- **TASK DESCRIPTION**: When you retype the data, keep every word exactly and include none of the pictures.

- **EXERCISE DATA**:
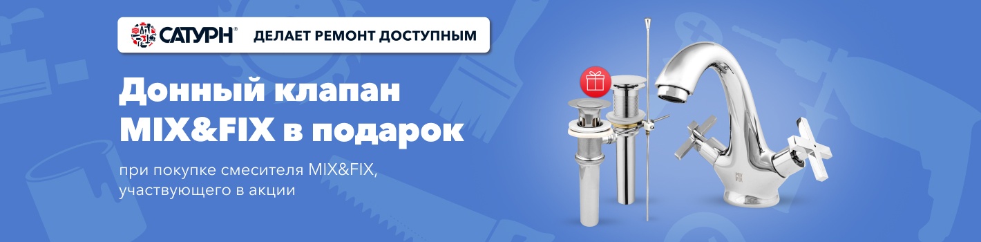 При покупке смесителя MIX&FIX, участвующего в акции, Вы получаете донный клапан MIX&FIX на выбор в подарок!
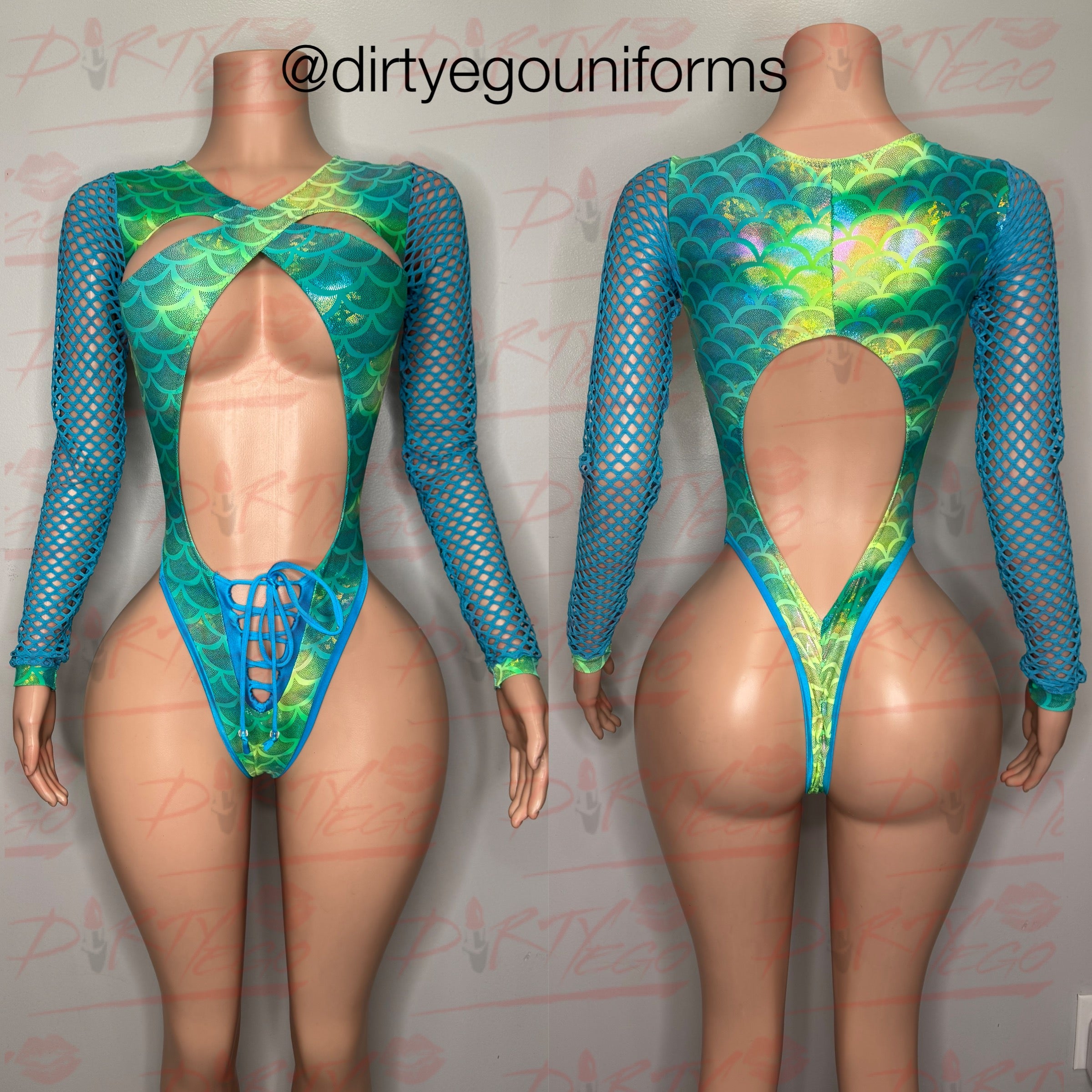 Cross top leotard with bottom lace up. Open back, scrunch butt. Net sleeves. Made to order. Please allow 5-7 days for processing.
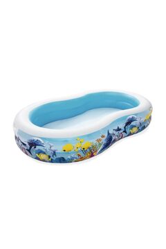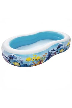 Яркий надувной бассейн с мягким дном и прочным ПВХ, быстро устанавливается, легко чистится, безопасен для детей от 1 года, весит всего 1,56 кг.
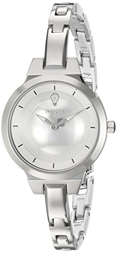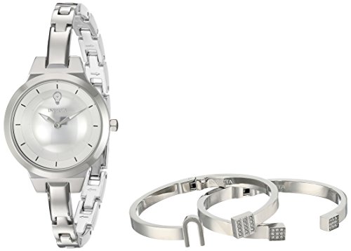 Invicta 23324 Gabrielle Union women's watch features a 28mm wide and 9mm thick solid stainless steel case with a fixed bezel and textured push-pull crown. Invicta 23324 is powered by Japanese TMI PC10 quartz movement. This beautiful watch also features a sharp looking shiny silver tone dial with white accents silver tone luminous hands and index hour markers, scratch resistant flame fusion crystal and water resistant to 100 meters. Invicta 23324 is equipped with an 8mm wide solid stainless steel bangle bracelet with a jewelry clasp. This watch also comes with two crystals accented solid stainless steel bangle bracelet. Invicta 23324 women's Gabrielle Union silver tone dial steel watch & bangle bracelet set is brand new and comes in an original Invicta gift box and is backed by a 5 year limited warranty.Feature

- **ANSWER BOX**:
 При покупке смесителя MIX&FIX, участвующего в акции, Вы получаете донный клапан MIX&FIX на выбор в подарок!
 Cross top leotard with bottom lace up. Open back, scrunch butt. Net sleeves. Made to order. Please allow 5-7 days for processing.
 Яркий надувной бассейн с мягким дном и прочным ПВХ, быстро устанавливается, легко чистится, безопасен для детей от 1 года, весит всего 1,56 кг.
 Invicta 23324 Gabrielle Union women's watch features a 28mm wide and 9mm thick solid stainless steel case with a fixed bezel and textured push-pull crown. Invicta 23324 is powered by Japanese TMI PC10 quartz movement. This beautiful watch also features a sharp looking shiny silver tone dial with white accents silver tone luminous hands and index hour markers, scratch resistant flame fusion crystal and water resistant to 100 meters. Invicta 23324 is equipped with an 8mm wide solid stainless steel bangle bracelet with a jewelry clasp. This watch also comes with two crystals accented solid stainless steel bangle bracelet. Invicta 23324 women's Gabrielle Union silver tone dial steel watch & bangle bracelet set is brand new and comes in an original Invicta gift box and is backed by a 5 year limited warranty.Feature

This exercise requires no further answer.